In this 2017 narrative review, Michael Hengartner discusses the evidence assessing the effectiveness and harms of antidepressants. He finds the evidence of benefits insufficient and the harms sufficiently great to argue treatment should not be recommended for the majority of patients on an evidentiary basis.
Significant biases confound the perceived benefits of antidepressants in acute therapy. Industry-funded research consistently shows greater treatment efficacy than research funded and conducted entirely by individuals without conflicts of interest. This is at least partially due to publication bias, as industry-funded antidepressant trials with less positive results often either remain unpublished or are distorted to make the results seem positive. In sum, this creates a published literature base that demonstrates greater drug efficacy than a complete view of the literature would support.
Some consistent methodological choices further distort results. One key area is trial selection criteria, which generally exclude patients with major depression and comorbidities or suicidal ideation; such selective practices separate antidepressants in a trial setting from their real-world clinical use, potentially exaggerating their average benefits (by excluding the hardest-to-treat patients) and downplaying their risks (by excluding the patients most susceptible to increased suicide risk and other side effects).

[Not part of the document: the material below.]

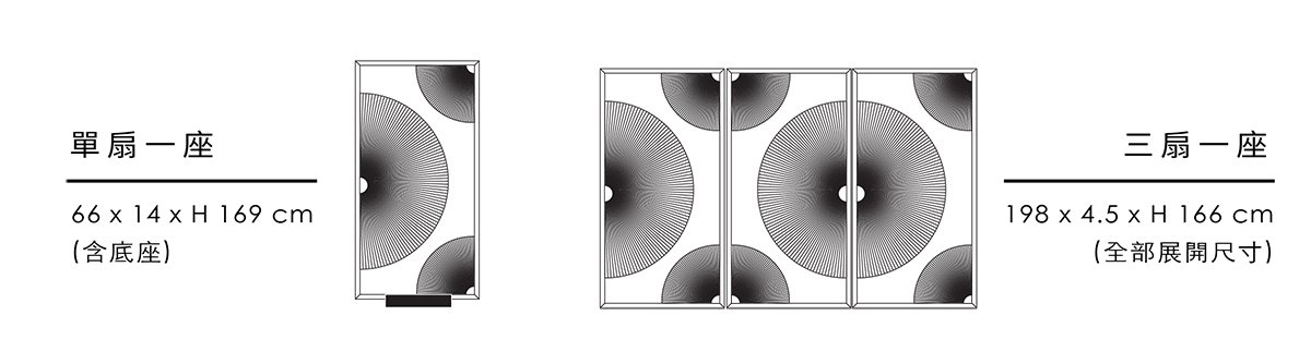 產品尺寸:198x4.5x166 cm (三扇展開),66x4.5x166 cm (單扇)

Despite these biases, all of which would inflate the mean perceived benefit attributed to antidepressant treatment, no meta-analysis has shown an effect size for antidepressants that reaches clinical significance (Hengartner cites evidence that an improvement of fewer than 7 points on the HAMD scale would not be recognized as an improvement in depression symptoms). Some researchers have argued that when antidepressants are compared to active placebos (which intentionally introduce side effects to reduce patients’ opportunity to discover they are in the placebo group), the benefits disappear entirely.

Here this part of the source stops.